Exact copies of the lines below are the goal; any images in them are dropped.
==== DATA SEGMENT ====
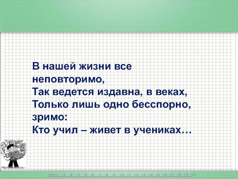 учитель - помощник, советчик, воспитатель ещё неокрепших юных сердец, защитник, стремящийся уберечь своих воспитанников в водовороте жизни
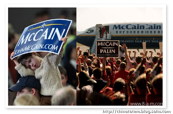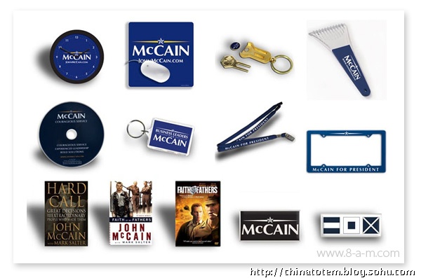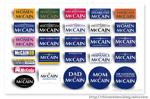 给政治人物做VI 设计风险巨大,对平面设计组织而言是件棘手的活。看看希拉里和麦凯恩老掉牙的VI 套路吧。希拉里保守的“Hillary for president”图形由红、白、蓝三色组成(这招是美国国旗诞生以来延续至今的传统,用过的候选人不下几十个),她选择了用波形曲线收尾的老式衬线字体,象征着传统与庄重。当然,用这来体现她的个人形象也无可厚非。相比较而言,麦凯恩算是有点新意,他用黑、白、黄三色构成带有军队风格的五星,提醒选民自己的越战背景和“男子气概”。
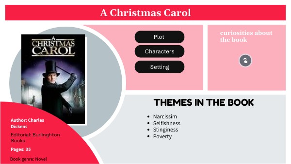 The book tells the story of a rich old stingy man, who was not empathetic at all and who did not like Christmas. All this changes when his dead partner appears to him and warns him that three ghosts will visit him that night and that he still has time to change so that people love him and not die alone. The ghosts were from the past, present and future. The one from the past taught him that he had been selfish by leaving his girlfriend because he was poor and because of the money.The ghost of the present taught him that he had to be a better person because his employee was going through a bad time with his sick son and he still treated him badly. The ghost of the future taught him that if he did not change, he would die alone and the son of his employee would die from his illness. After all that, he decided it was time to change and be a better person. So he went to his nephew's house and ate with them, donated money to the poor and raised the salary of his employee. Also the following year he prepared a big Christmas dinner and invited his family and his employee's family.
====
### ANSWER TO THIS TASK
 учитель - помощник, советчик, воспитатель ещё неокрепших юных сердец, защитник, стремящийся уберечь своих воспитанников в водовороте жизни
 给政治人物做VI 设计风险巨大,对平面设计组织而言是件棘手的活。看看希拉里和麦凯恩老掉牙的VI 套路吧。希拉里保守的“Hillary for president”图形由红、白、蓝三色组成(这招是美国国旗诞生以来延续至今的传统,用过的候选人不下几十个),她选择了用波形曲线收尾的老式衬线字体,象征着传统与庄重。当然,用这来体现她的个人形象也无可厚非。相比较而言,麦凯恩算是有点新意,他用黑、白、黄三色构成带有军队风格的五星,提醒选民自己的越战背景和“男子气概”。
 The book tells the story of a rich old stingy man, who was not empathetic at all and who did not like Christmas. All this changes when his dead partner appears to him and warns him that three ghosts will visit him that night and that he still has time to change so that people love him and not die alone. The ghosts were from the past, present and future. The one from the past taught him that he had been selfish by leaving his girlfriend because he was poor and because of the money.The ghost of the present taught him that he had to be a better person because his employee was going through a bad time with his sick son and he still treated him badly. The ghost of the future taught him that if he did not change, he would die alone and the son of his employee would die from his illness. After all that, he decided it was time to change and be a better person. So he went to his nephew's house and ate with them, donated money to the poor and raised the salary of his employee. Also the following year he prepared a big Christmas dinner and invited his family and his employee's family.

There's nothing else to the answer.